Empreendedorismo

Empreendedorismo social floresce e alcança comunidades no Brasil

Negócios de impacto social que aliam sustentabilidade econômica e propósito ajudam na recuperação de comunidades devastadas pelas enchentes no Rio Grande do Sul

A agricultora Patrícia da Silva Ramos, de 32 anos, do assentamento Polônio de Carvalho, em Guaíba, com o marido, Nelson, e o filho, Vagner -  (crédito: Arquivo pessoal)
A agricultora Patrícia da Silva Ramos, de 32 anos, do assentamento Polônio de Carvalho, em Guaíba, com o marido, Nelson, e o filho, Vagner - (crédito: Arquivo pessoal)

Em um país de contrastes tão marcantes como o Brasil, onde de um lado há excedentes e de outro, a fome, o empreendedorismo social surge como um campo fértil de inovação e esperança. Mais que uma tendência, ele se consolida como força propulsora de transformação econômica, especialmente nas comunidades historicamente esquecidas.

De acordo com o Serviço Brasileiro de Apoio às Micro e Pequenas Empresas (Sebrae), o número de negócios de impacto social cresceu mais de 22% entre 2020 e 2023. Por trás dos números, há histórias de resistência, afeto e reconstrução. O empreendedorismo social alia sustentabilidade econômica e propósito, e vai muito além do lucro: ele cria sentidos para o verbo "empreender" e desenha soluções onde antes só se via carência.

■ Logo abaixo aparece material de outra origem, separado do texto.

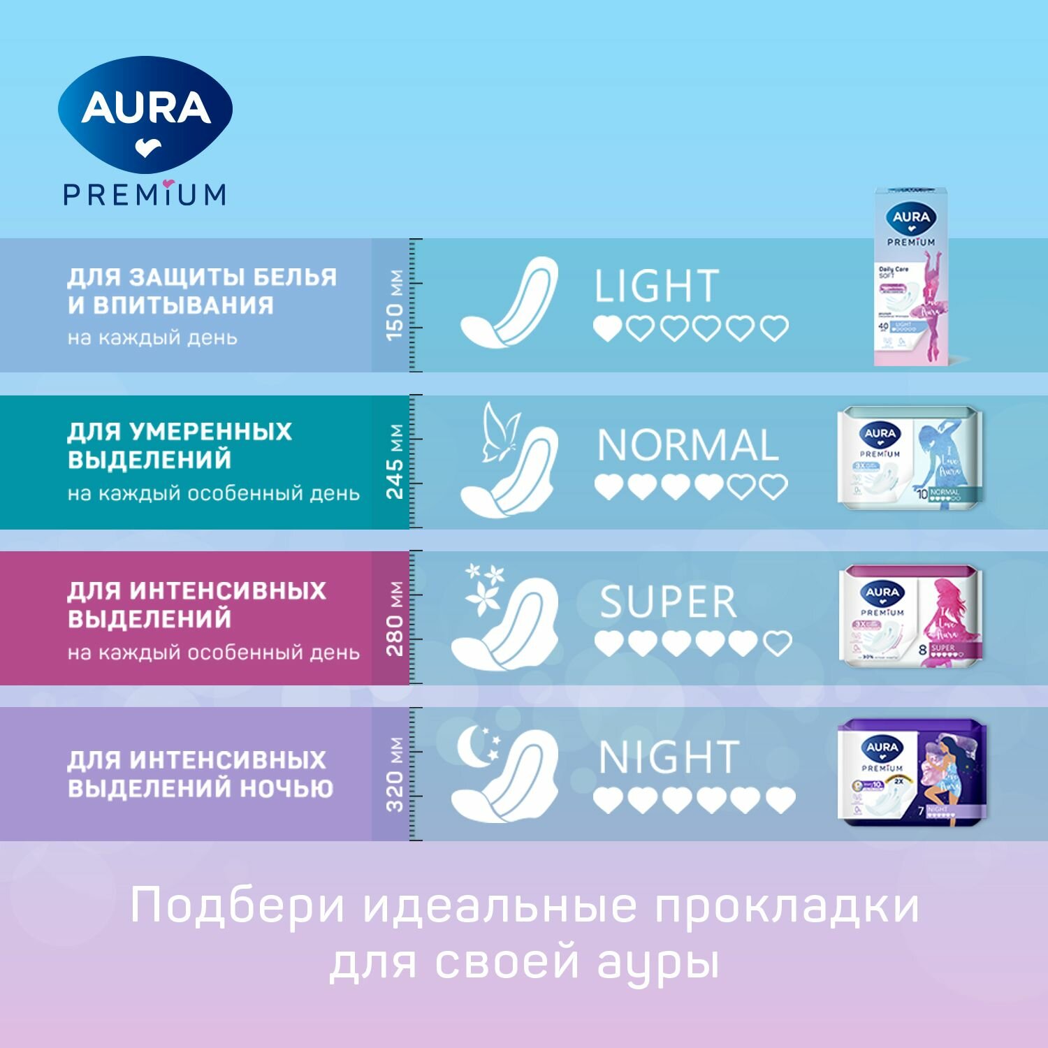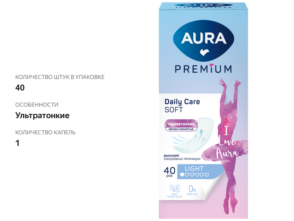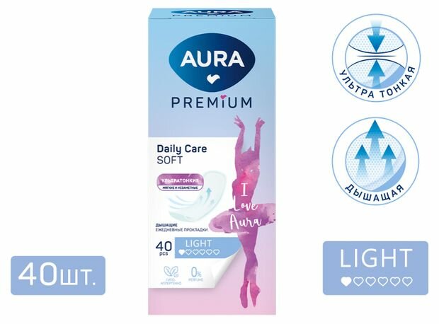 Прокладки женские ежедневные ультратонкие LIGHT 40шт, AURA PREMIUM

O sociólogo e economista Vinícius do Carmo explica que esse modelo rompe com a lógica tradicional de mercado: "O empreendedorismo social desafia o lucro pelo lucro e aposta na geração de valor compartilhado. Mas, para florescer plenamente, precisa de estímulo: linhas de crédito específicas, políticas públicas inteligentes e incubadoras capazes de acolher essas iniciativas e impulsioná-las."

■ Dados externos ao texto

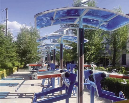 為什么要說它們智能呢?原來,如雙位漫步機(jī)、雙位蹬力器、雙位背部訓(xùn)練器、雙位健身車器材,均采用太陽能供電系統(tǒng),為LED燈提供夜間照明,以及為運(yùn)動數(shù)據(jù)采集、處理提供能源,加遮陽棚并與安裝環(huán)境相融合。同時,這些器材具備數(shù)據(jù)統(tǒng)計和數(shù)據(jù)處理功能,讓健身者在運(yùn)動的同時實(shí)時了解自己的健身數(shù)據(jù),更好地規(guī)劃健身運(yùn)動的方式,讓力量訓(xùn)練更科學(xué)、有效。此外,器材還可以通過顯示屏、微信小程序或手機(jī)APP進(jìn)行在線視頻訓(xùn)練指導(dǎo)。

E, assim, novas cadeias produtivas mais justas ganham espaço, enfrentando gargalos históricos: insegurança alimentar, falta de o à moradia digna, ausência de saneamento básico e oportunidades restritas de educação e renda. "São negócios que não apenas transformam o ambiente onde surgem, mas também a maneira como a economia pode funcionar: com mais humanidade, mais inclusão e menos desigualdade", pontua Vinícius.

Semeando esperança

A história de Sabrina Meireles Soares, 38 anos, agricultora da reforma agrária e integrante da cooperativa Coafchar, em Charqueadas (RS), ilustra como o empreendedorismo social pode significar mais do que uma retomada econômica: pode ser um reencontro com a própria dignidade. Após a enchente de maio de 2024, a água devastou o que anos de safra haviam construído: a terra, as plantações, as ferramentas e o ânimo. "Foi tudo embora. Ficamos sem chão, sem coragem, sem saber para onde olhar", relembra Sabrina, com dor e gratidão.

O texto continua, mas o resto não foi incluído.